Montalban and her brothers Javier and Juan run La Parroquia in Miraflores de la Sierra near Madrid, and were runners-up in last year’s competition to find the Madrid region’s best tapas.
“There’s the influence from ‘New Cooking’ of course. The mixture of sweet and savoury, for example. But you also have to keep your traditional roots,” said Montalban, who was also offering tapas of smoked cod with peppers and balsamic vinegar, and goats cheese with caramelised onions and walnuts.
Restaurants like Adria’s El Bulli have dumped traditional kitchen techniques in favour of high-tech creations distilling flavours into foams and gels, although one of Spain’s leading chefs last month labeled such “New Cooking” as pretentious.
DRINK DRIVING CURE?
Having a quick beer and a tapa has long been a pre-meal ritual in Spain, and many Spaniards credit the tradition with having saved them from drinking’s worst excesses.
“On Sundays you go out and have a tapa.
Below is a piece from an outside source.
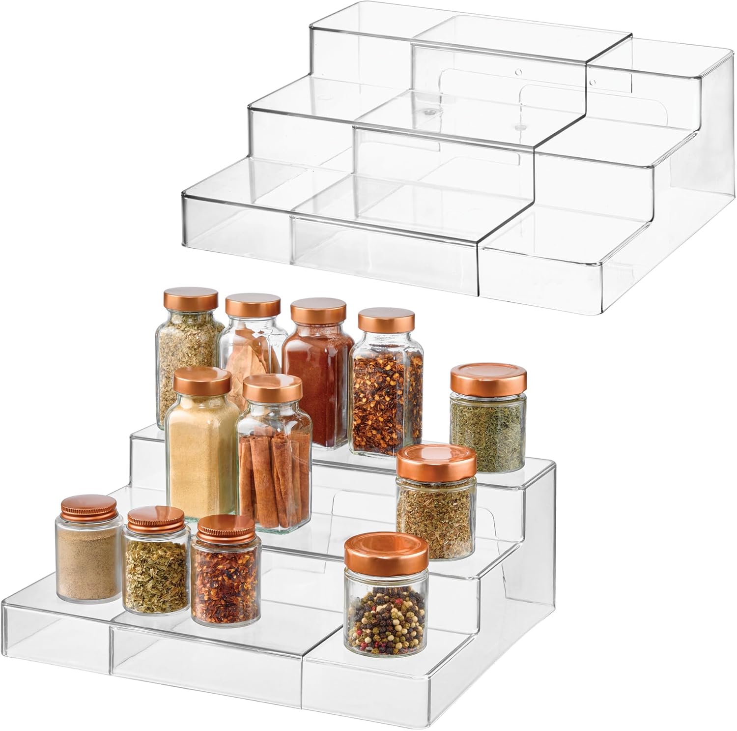 The iDesign Expandable Spice Rack Organizer keeps your favorite herbs accessible by creating a better vantage point inside cabinets. Three generously sized shelves make it easy to grab what you need, and the slightly raised edges prevent items from falling. The expandable design slides to fit your exact storage needs and creates more storage space for seasonings and canned goods. This rack pulls double duty by sorting vitamins and medicine bottles in bathrooms or glitter jars in crafts rooms, making this piece highly versatile to suit your storage needs.

It’s a tradition, like the English with their tea,” said retiree Caridad Bustos.
No one knows exactly how the tradition started.
Tapas means “lid” in Spanish and many say the word comes from the south where drinkers used to place a slice of bread over their glass to stop flies falling into their sherry.
Others say tapas was the result of a royal decree that food be served with every drink so cart drivers and coachmen did not get drunk and crash while travelling from one inn to the next.
San Sebastian near the French border is credited by many as having Spain’s best, though most expensive, tapas, while in the south, a drinker in Granada can end a night with a full stomach, having paid nothing for simpler food.
David Gonzalez who prepares tapas at El Chabolu in Madrid, said bars must be careful not to over-elaborate and lose sight of the fact it should be a simple – and free – barside snack.
“The guys starting now prefer the cooking of Ferran Adria and it’s a shame. They should start with the basics,” he said.
Tourists should be wary though; the bar, not the customer, decides what to serve, and visitors to the capital will occasionally be given a Madrid specialty – pigs ears.